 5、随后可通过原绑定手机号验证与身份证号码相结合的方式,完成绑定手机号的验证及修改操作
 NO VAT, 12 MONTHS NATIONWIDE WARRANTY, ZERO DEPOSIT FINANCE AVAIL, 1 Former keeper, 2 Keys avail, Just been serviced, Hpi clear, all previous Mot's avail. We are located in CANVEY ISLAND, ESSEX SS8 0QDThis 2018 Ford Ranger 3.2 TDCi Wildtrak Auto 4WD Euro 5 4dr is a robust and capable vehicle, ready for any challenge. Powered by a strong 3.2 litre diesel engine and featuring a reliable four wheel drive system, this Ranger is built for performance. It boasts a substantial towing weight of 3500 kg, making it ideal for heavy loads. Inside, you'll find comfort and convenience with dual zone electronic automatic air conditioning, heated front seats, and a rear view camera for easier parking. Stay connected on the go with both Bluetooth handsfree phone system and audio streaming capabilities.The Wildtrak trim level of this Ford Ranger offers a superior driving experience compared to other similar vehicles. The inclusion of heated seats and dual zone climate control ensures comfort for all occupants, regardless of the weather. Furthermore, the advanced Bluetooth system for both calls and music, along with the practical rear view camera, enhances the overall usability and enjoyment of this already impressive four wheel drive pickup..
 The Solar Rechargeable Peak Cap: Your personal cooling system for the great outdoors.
...
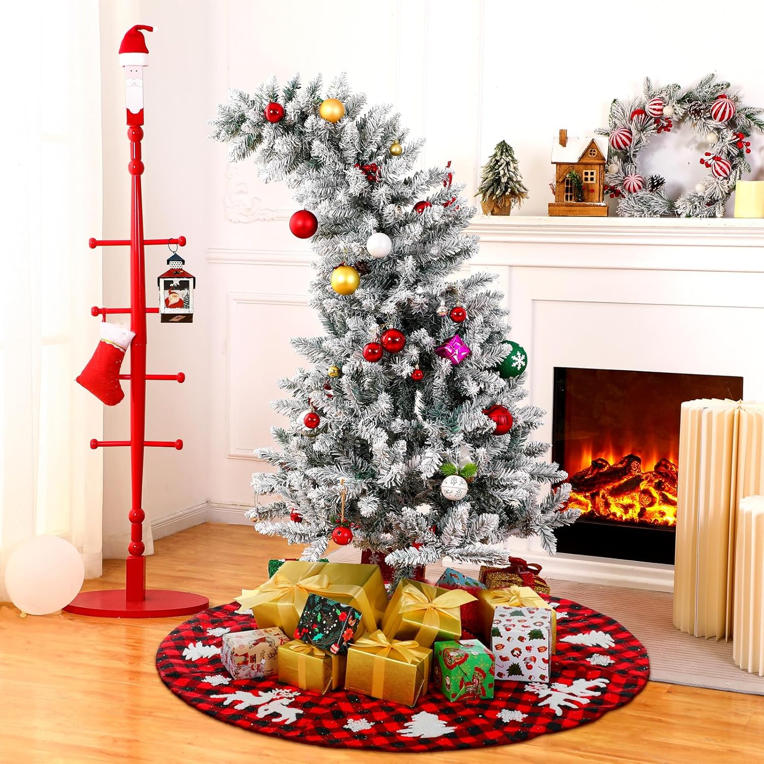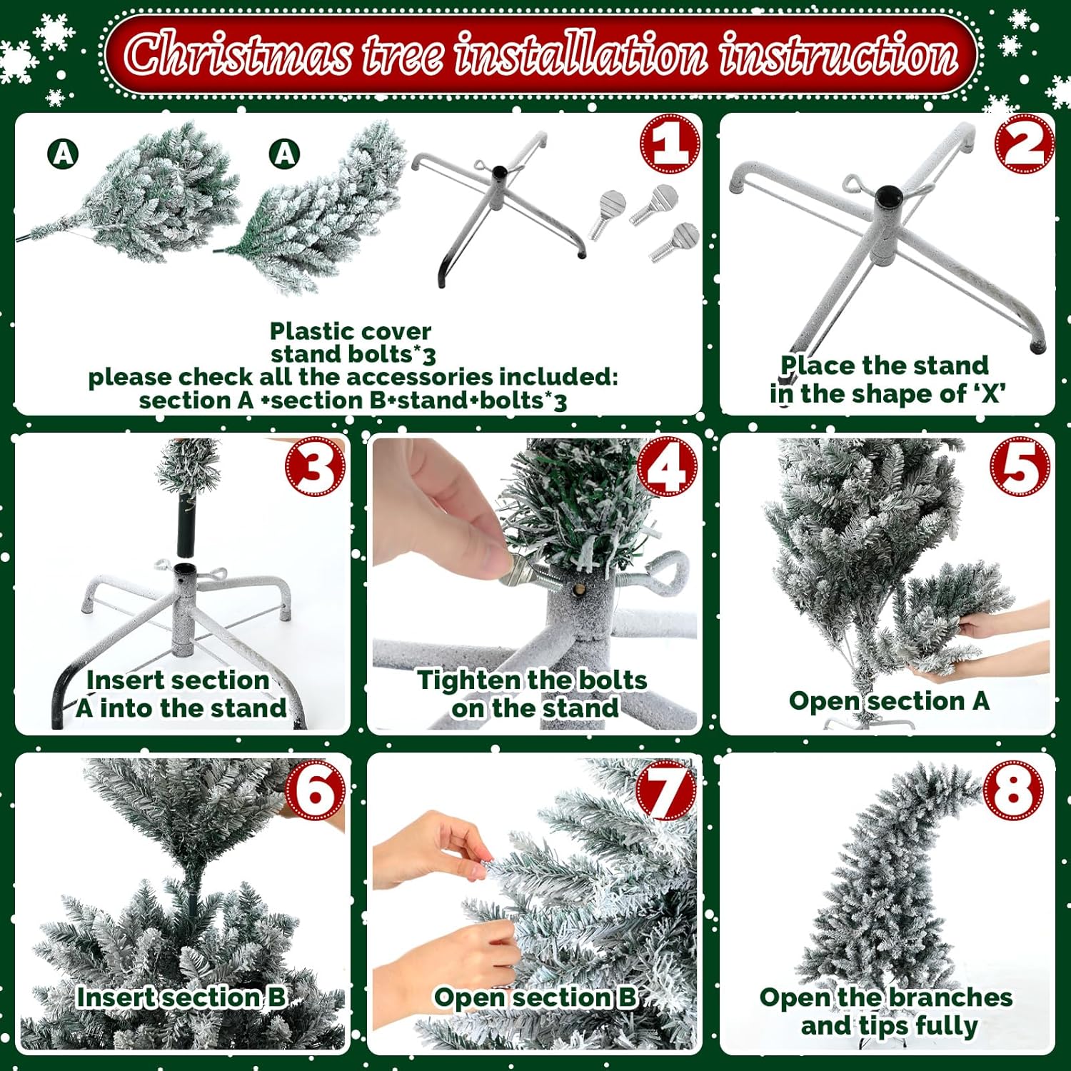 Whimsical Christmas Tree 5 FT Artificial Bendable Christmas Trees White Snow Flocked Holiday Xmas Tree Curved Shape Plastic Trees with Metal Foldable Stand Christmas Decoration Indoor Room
---
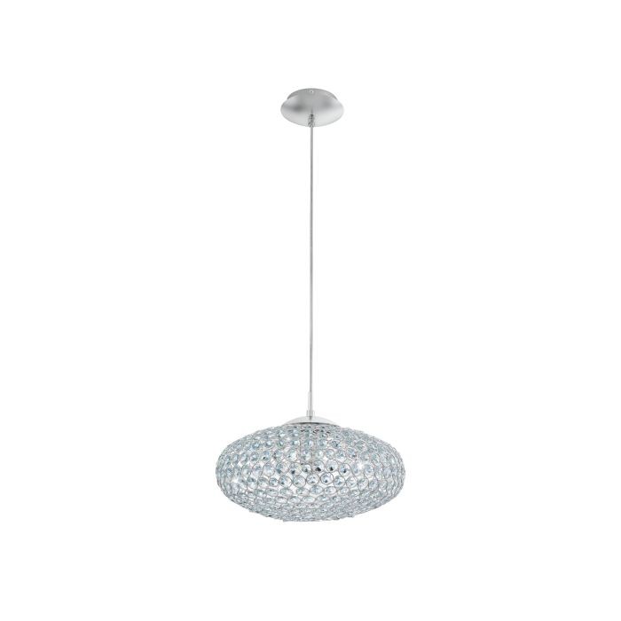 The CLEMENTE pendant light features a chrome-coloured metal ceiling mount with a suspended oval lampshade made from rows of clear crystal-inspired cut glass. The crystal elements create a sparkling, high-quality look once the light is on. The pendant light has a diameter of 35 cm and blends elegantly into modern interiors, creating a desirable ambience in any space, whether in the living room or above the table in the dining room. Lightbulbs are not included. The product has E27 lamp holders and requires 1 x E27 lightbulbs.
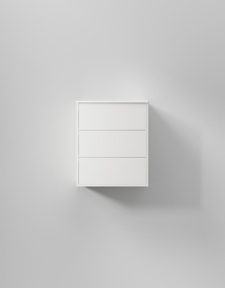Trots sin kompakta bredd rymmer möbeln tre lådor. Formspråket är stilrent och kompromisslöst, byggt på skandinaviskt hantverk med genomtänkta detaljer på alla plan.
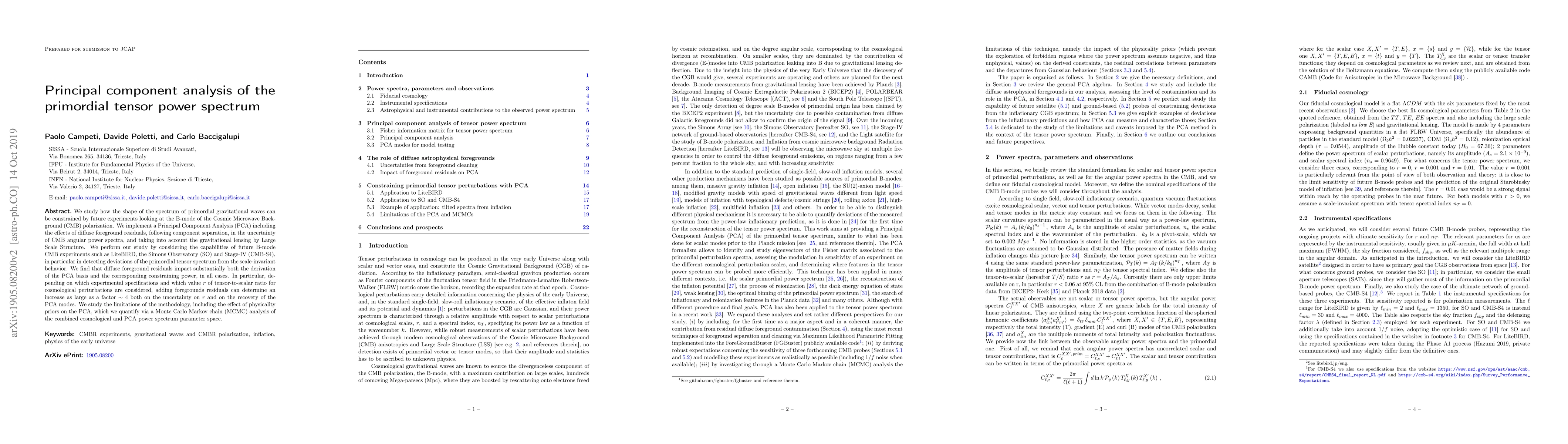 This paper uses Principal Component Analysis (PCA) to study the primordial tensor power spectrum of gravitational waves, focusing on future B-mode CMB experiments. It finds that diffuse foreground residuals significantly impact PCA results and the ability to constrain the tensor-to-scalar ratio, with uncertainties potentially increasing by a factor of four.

▶ [Assignment]: Start at the line above containing "The CLEMENTE pendant" and stop at the line containing "Trots sin kompakta": print those lines and everything between them exactly, but not the pictures.

▶ [Response area]:
 The CLEMENTE pendant light features a chrome-coloured metal ceiling mount with a suspended oval lampshade made from rows of clear crystal-inspired cut glass. The crystal elements create a sparkling, high-quality look once the light is on. The pendant light has a diameter of 35 cm and blends elegantly into modern interiors, creating a desirable ambience in any space, whether in the living room or above the table in the dining room. Lightbulbs are not included. The product has E27 lamp holders and requires 1 x E27 lightbulbs.
Trots sin kompakta bredd rymmer möbeln tre lådor. Formspråket är stilrent och kompromisslöst, byggt på skandinaviskt hantverk med genomtänkta detaljer på alla plan.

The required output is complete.